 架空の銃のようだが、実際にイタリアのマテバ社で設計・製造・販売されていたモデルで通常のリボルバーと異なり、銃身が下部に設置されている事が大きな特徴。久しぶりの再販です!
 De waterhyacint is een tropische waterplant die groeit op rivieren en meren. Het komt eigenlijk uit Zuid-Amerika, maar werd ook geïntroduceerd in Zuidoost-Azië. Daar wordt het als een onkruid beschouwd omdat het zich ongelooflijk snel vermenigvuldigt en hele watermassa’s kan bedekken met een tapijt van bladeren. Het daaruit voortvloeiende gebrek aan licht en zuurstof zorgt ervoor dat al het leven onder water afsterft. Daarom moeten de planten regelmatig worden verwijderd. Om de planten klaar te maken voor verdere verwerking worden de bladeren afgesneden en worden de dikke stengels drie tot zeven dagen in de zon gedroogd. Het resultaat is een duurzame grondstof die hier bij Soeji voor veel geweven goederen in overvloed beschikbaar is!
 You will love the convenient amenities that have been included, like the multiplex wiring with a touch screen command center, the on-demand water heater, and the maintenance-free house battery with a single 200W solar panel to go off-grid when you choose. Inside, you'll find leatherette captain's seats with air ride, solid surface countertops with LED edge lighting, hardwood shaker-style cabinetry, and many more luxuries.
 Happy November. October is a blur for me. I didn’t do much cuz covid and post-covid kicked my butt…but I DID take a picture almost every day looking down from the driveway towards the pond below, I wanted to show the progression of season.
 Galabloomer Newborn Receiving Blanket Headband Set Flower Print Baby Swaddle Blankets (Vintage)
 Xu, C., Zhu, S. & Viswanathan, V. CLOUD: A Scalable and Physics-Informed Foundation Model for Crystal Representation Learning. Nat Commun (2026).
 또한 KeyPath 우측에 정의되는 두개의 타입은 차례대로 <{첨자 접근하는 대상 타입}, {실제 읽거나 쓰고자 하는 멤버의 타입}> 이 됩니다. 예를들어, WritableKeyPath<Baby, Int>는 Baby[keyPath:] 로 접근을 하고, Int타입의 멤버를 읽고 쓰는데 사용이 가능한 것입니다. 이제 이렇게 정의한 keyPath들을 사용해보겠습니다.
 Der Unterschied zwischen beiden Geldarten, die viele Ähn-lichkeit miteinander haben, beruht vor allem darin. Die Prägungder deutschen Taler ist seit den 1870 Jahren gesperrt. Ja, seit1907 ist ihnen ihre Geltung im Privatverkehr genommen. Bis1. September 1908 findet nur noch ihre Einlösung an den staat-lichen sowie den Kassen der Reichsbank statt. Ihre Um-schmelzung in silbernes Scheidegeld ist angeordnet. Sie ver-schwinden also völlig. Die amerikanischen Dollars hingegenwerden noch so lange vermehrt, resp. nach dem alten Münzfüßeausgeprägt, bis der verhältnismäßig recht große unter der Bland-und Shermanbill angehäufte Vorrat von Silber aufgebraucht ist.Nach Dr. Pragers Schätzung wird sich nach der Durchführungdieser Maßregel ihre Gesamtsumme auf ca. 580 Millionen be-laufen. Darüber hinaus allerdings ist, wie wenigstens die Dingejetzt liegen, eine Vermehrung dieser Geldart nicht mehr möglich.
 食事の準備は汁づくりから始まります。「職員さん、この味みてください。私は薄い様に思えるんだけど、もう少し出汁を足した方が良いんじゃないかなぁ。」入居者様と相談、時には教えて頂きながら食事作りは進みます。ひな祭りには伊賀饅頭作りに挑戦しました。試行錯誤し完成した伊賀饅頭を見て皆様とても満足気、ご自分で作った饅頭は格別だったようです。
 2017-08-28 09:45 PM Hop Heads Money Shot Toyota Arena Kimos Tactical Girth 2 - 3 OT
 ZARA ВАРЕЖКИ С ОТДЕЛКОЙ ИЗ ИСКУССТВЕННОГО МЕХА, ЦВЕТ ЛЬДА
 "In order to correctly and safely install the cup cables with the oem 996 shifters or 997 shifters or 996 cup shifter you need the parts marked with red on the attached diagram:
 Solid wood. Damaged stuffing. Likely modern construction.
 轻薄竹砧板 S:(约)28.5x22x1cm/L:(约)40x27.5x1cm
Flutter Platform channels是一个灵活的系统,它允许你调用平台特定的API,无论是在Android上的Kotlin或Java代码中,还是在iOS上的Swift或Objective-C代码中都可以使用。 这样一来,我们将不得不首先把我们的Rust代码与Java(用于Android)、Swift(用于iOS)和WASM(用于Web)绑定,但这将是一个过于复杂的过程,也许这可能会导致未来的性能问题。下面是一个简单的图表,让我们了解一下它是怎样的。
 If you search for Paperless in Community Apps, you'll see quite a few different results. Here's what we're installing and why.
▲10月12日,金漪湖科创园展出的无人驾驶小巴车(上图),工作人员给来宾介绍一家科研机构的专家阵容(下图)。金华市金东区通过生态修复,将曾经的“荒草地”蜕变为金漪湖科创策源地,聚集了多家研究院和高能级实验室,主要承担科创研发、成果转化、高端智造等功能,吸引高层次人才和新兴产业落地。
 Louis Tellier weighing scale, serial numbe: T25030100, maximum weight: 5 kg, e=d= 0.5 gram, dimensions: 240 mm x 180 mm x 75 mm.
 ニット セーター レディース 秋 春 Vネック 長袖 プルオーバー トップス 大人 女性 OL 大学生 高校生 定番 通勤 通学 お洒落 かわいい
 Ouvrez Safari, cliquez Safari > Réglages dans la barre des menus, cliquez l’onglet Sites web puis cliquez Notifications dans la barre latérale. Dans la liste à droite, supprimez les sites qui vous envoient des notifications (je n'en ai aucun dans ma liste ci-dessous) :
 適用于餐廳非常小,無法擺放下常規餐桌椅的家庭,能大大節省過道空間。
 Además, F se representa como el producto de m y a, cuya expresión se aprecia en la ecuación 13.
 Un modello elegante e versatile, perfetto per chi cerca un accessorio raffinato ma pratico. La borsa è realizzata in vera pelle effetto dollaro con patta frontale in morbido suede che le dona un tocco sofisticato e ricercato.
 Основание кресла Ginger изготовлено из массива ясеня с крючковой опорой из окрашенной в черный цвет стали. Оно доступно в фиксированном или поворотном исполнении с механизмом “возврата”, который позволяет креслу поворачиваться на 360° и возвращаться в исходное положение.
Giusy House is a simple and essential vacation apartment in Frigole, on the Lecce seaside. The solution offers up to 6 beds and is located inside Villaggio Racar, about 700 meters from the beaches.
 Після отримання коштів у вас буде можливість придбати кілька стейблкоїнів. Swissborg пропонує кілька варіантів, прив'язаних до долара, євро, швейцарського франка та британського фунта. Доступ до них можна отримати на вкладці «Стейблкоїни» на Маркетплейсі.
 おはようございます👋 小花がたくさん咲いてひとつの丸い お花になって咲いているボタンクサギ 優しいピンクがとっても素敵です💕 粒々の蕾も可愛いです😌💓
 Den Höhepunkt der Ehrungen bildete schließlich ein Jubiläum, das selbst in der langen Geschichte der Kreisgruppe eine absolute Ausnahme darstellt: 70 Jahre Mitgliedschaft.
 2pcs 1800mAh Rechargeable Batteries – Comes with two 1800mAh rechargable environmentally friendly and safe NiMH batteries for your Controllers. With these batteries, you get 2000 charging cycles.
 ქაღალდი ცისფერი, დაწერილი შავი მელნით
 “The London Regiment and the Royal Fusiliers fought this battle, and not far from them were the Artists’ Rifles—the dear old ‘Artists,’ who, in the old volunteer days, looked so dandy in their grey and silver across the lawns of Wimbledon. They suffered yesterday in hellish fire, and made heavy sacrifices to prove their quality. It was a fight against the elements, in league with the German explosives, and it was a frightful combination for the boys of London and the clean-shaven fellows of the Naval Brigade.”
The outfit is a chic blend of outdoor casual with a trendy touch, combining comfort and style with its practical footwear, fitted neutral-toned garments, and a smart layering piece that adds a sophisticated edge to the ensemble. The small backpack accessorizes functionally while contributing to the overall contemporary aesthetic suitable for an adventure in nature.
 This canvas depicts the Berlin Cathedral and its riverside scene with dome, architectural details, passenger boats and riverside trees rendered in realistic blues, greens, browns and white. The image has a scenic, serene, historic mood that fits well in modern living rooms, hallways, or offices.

• **Your assignment**: Find the line with "ZARA ВАРЕЖКИ С" in the material above. Reproduce it and each line after it up to and including the line with "Giusy House is".

• **Result**:
 ZARA ВАРЕЖКИ С ОТДЕЛКОЙ ИЗ ИСКУССТВЕННОГО МЕХА, ЦВЕТ ЛЬДА
 "In order to correctly and safely install the cup cables with the oem 996 shifters or 997 shifters or 996 cup shifter you need the parts marked with red on the attached diagram:
 Solid wood. Damaged stuffing. Likely modern construction.
 轻薄竹砧板 S:(约)28.5x22x1cm/L:(约)40x27.5x1cm
Flutter Platform channels是一个灵活的系统,它允许你调用平台特定的API,无论是在Android上的Kotlin或Java代码中,还是在iOS上的Swift或Objective-C代码中都可以使用。 这样一来,我们将不得不首先把我们的Rust代码与Java(用于Android)、Swift(用于iOS)和WASM(用于Web)绑定,但这将是一个过于复杂的过程,也许这可能会导致未来的性能问题。下面是一个简单的图表,让我们了解一下它是怎样的。
 If you search for Paperless in Community Apps, you'll see quite a few different results. Here's what we're installing and why.
▲10月12日,金漪湖科创园展出的无人驾驶小巴车(上图),工作人员给来宾介绍一家科研机构的专家阵容(下图)。金华市金东区通过生态修复,将曾经的“荒草地”蜕变为金漪湖科创策源地,聚集了多家研究院和高能级实验室,主要承担科创研发、成果转化、高端智造等功能,吸引高层次人才和新兴产业落地。
 Louis Tellier weighing scale, serial numbe: T25030100, maximum weight: 5 kg, e=d= 0.5 gram, dimensions: 240 mm x 180 mm x 75 mm.
 ニット セーター レディース 秋 春 Vネック 長袖 プルオーバー トップス 大人 女性 OL 大学生 高校生 定番 通勤 通学 お洒落 かわいい
 Ouvrez Safari, cliquez Safari > Réglages dans la barre des menus, cliquez l’onglet Sites web puis cliquez Notifications dans la barre latérale. Dans la liste à droite, supprimez les sites qui vous envoient des notifications (je n'en ai aucun dans ma liste ci-dessous) :
 適用于餐廳非常小,無法擺放下常規餐桌椅的家庭,能大大節省過道空間。
 Además, F se representa como el producto de m y a, cuya expresión se aprecia en la ecuación 13.
 Un modello elegante e versatile, perfetto per chi cerca un accessorio raffinato ma pratico. La borsa è realizzata in vera pelle effetto dollaro con patta frontale in morbido suede che le dona un tocco sofisticato e ricercato.
 Основание кресла Ginger изготовлено из массива ясеня с крючковой опорой из окрашенной в черный цвет стали. Оно доступно в фиксированном или поворотном исполнении с механизмом “возврата”, который позволяет креслу поворачиваться на 360° и возвращаться в исходное положение.
Giusy House is a simple and essential vacation apartment in Frigole, on the Lecce seaside. The solution offers up to 6 beds and is located inside Villaggio Racar, about 700 meters from the beaches.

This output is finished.